Она встала, собирая на поднос посуду. Ирина молча помогла унести все в кухню.

— В мойку поставь, — Наталья уже вовсю зевала, — я утром. Все равно готовить.


В номере Ирина не стала ложиться, хотя ноги гудели, и легко кружилась голова от двух выпитых бокалов. Надела свитер под куртку, обула кроссовки. И прихватив фонарик, тихо вышла, заперла двери массивным ключом. Прошла под тусклым фонарем, прислушиваясь к шороху веток и возне ленивого пса в будке у ворот. Выйдя на улицу, осторожно защелкнула замок, шепотом повторяя комбинацию трех цифр, чтоб вернувшись, не будить хозяйку.

Светя фонариком, прошла тропинкой, прорезающей плоскую дюну, заросшую осенним бурьяном, местами доходящим ей до плеч. И вышла на просторный песок, полого спускающийся к посеребренному луной морю.

Постояла на самой кромке прибоя, который набегал к ногам частыми пенками, что светились призрачной белизной. Горизонт тоже светился, еле заметно, а выше зыбкий свет переходил в звездное небо.

Свежий ветер забирался под воротник, холодя шею, и она застывшими руками накинула капюшон, застегнула куртку под самое горло. Замерла, отчаянно глядя на ускользающую от глаз, размытую полосу света. Заклиная, ну появись. Как тогда, ночью, на обрыве, когда стояла с Тоней. Появись, белоснежная, легкая, такая роскошная. Такая настоящая, когда видна.

Но луна молча светила на воду, звезды толпились над головой, шуршала, плеская в песок, темная вода.

Ирина повернулась и пошла туда, где огни поселка переходили в черную громаду скального массива. Где сегодня днем она слышала разговор той самой Ленки, о том самом Давиде, который, оказывается, не просто так. А дружил с ее мужем, рассказывая ему сказки о Башне в облачной стране. Сказки? А Андрей в ответ на его фантазии ответил — я знаю. Не читал или слышал. Не мультик бегал смотреть в кино, как Наталья когда-то. А просто — знал, что все это есть.

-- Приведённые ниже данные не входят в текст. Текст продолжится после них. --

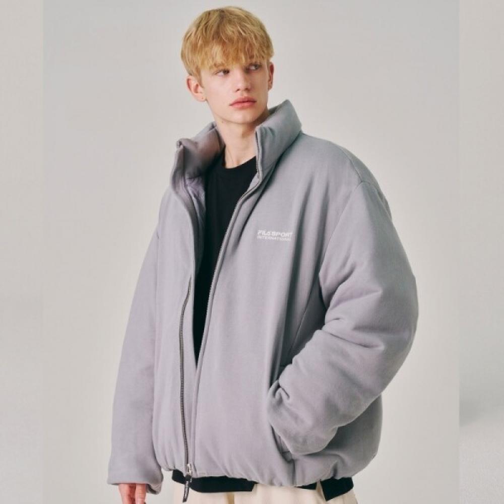 The FILA Uni Loose Fit FILASPORT Knit Down Jacket features a loose fit design that provides comfortable wear. It has a naturally flowing silhouette and is made from knit fabric, adding sophistication. The color is gray (GRAY), suitable for a variety of outdoor activities.
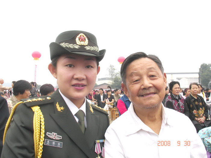 校友朱毓姝(左)(十七大代表,成都军区某通讯连指导员)与班主任易俊哲(右)参加校庆活动

Она шла, вывертывая подошвами песок и думала, почему сама не очень-то верит? Может быть, потому что не хочет? И как захотеть, по-настоящему?

«И хочу ли я — захотеть?»…

* * *

В покоях принцессы Неллет, в чье существование не могла поверить Ирина, двое мужчин смотрели друг на друга, не узнавая. Андрей, на самом краю шахты, и элле Даэд, рядом с высоким столиком с разложенным на нем свитком.

— Хорошо, — сказал Андрей, не отводя глаз от надменного в своей суровости смуглого лица с узкими черными глазами, — я расскажу тебе, элле. Но обещай, что именно ты передашь принцессе мои слова. Ты, а не другой страж.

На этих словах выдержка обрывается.